Snowflake is a cloud-based data warehouse that offers a variety of features for data storage, transformation, and analysis. One of the benefits of using Snowflake is that it can be easily integrated with other AWS services, such as Amazon S3. This integration makes it possible to migrate data from S3 to Snowflake using -

  • The COPY command — For Historical data migration
  • A Snowpipe — Realtime data ingestion

In this blog, we shall follow the below steps to migrate data from AWS S3 to Snowflake.

  • Create a Snowflake account (a new user is eligible to create a free account and try it out for 30 days)

Load existing data (One time migration)

  • Create a S3 bucket. Then create a historical folder where you want to place the existing historical data. Upload a few files in that folder.
  • Create a table on Snowflake to store the S3 data
  • Define a Snowflake external stage which will point this new S3 bucket
  • Use the COPY command to copy the existing S3 files to your new Snowflake table

Load realtime data

  • Create another folder inside your S3 bucket where you want to ingest realtime data. Alternatively, you can create a separate S3 bucket also.
  • Define a Snowflake external stage which will point to this S3 location
  • Define a Snowpipe
  • Create an event notification on that bucket to publish messages to SQS as soon as new files arrive on that bucket
  • Upload a file and see if Snowpipe is able to copy the data in realtime

Create a Free Account on Snowflake

One of the benefits of using Snowflake is that it is free to use for up to 30 days.

Benefits of Creating a Free Account on Snowflake

There are several benefits to creating a free account on Snowflake.

  • First, it allows you to try out Snowflake before you commit to a paid subscription. This is a great way to see if Snowflake is the right data warehouse for your business.
  • Second, a free account on Snowflake gives you access to all of the features of Snowflake. This includes the ability to store and process data, run queries, and create dashboards.
  • Third, a free account on Snowflake is a great way to learn about Snowflake. You can use the free trial to explore the Snowflake platform and learn how to use it.

Provide your information here to create a free snowflake account

Next, you will get an email to activate your account.
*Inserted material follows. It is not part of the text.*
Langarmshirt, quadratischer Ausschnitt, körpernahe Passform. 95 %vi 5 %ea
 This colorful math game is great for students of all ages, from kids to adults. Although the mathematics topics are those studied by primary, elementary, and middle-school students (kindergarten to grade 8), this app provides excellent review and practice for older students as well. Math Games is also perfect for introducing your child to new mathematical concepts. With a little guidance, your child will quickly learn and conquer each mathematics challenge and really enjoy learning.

Once you do so, create an user id and password to login to your account.

Load historical data to Snowflake

Create a S3 bucket & upload a few files (Historical data)
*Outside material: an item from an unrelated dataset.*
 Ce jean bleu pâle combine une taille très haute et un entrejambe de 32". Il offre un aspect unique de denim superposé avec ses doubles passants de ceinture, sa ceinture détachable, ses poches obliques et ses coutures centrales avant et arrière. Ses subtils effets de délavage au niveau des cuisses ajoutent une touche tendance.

The following CSV files contain 6 columns — First Name, Last Name, Address, City, State, Zip

Create a table on Snowflake to store the S3 data

Create a new worksheet and execute the following queries.

Define a Snowflake external stage which will point this new S3 location

Acquire the credentials from your account

Execute the following query to define a stage. Provide your aws_key and aws_secret here.
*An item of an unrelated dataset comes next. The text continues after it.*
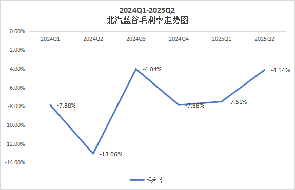 2025年上半年,北汽蓝谷实现营收95.16亿元人民币,同比增长达到154.38%;然而增收却不增利,上半年毛利率为-5.3%,归属上市公司股东净亏损则为23亿元,相比去年同期有小幅收窄。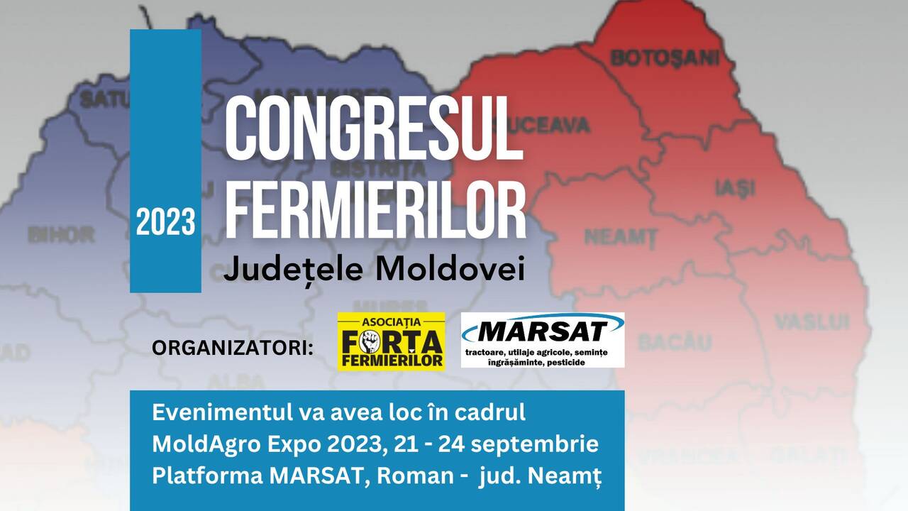 Asociația Forța Fermierilor, în parteneriat cu MARSAT SA Roman și cu Grupul Agrointeligența, anunță organizarea Congresului Fermierilor din zona Moldovei în cadrul celui mai important târg regional de agricultură din România și, totodată, singura expoziție de profil dedicate fermierilor din această zonă – Moldova Agricolă Expo!

CREATE OR REPLACE STAGE "my_s3_stage"
URL = 's3://neopiu/historical-data/'
CREDENTIALS=(AWS_KEY_ID='<AWS_KEY>' AWS_SECRET_KEY='<AWS_SECRET>')
FILE_FORMAT = (TYPE = 'CSV');

Use the COPY command to copy the historical S3 files to your new Snowflake table

Load realtime data

Create another folder inside your S3 bucket where you want to ingest realtime data

Define a Snowflake external stage which will point to this S3 location

CREATE OR REPLACE STAGE my_s3_realtime_stage
URL = 's3://neopiu/realtime-data/'
CREDENTIALS=(AWS_KEY_ID='<>' AWS_SECRET_KEY='<>')
FILE_FORMAT = (TYPE = 'CSV');

Define a Snowpipe

CREATE OR REPLACE PIPE snowpipe_daily AUTO_INGEST=TRUE AS
COPY INTO SOURCE_DATA
FROM @my_s3_realtime_stage
FILE_FORMAT = (TYPE = 'CSV')
ON_ERROR = 'CONTINUE';

Use the following query to display the notification channel for the snowpipe. Take a note of this.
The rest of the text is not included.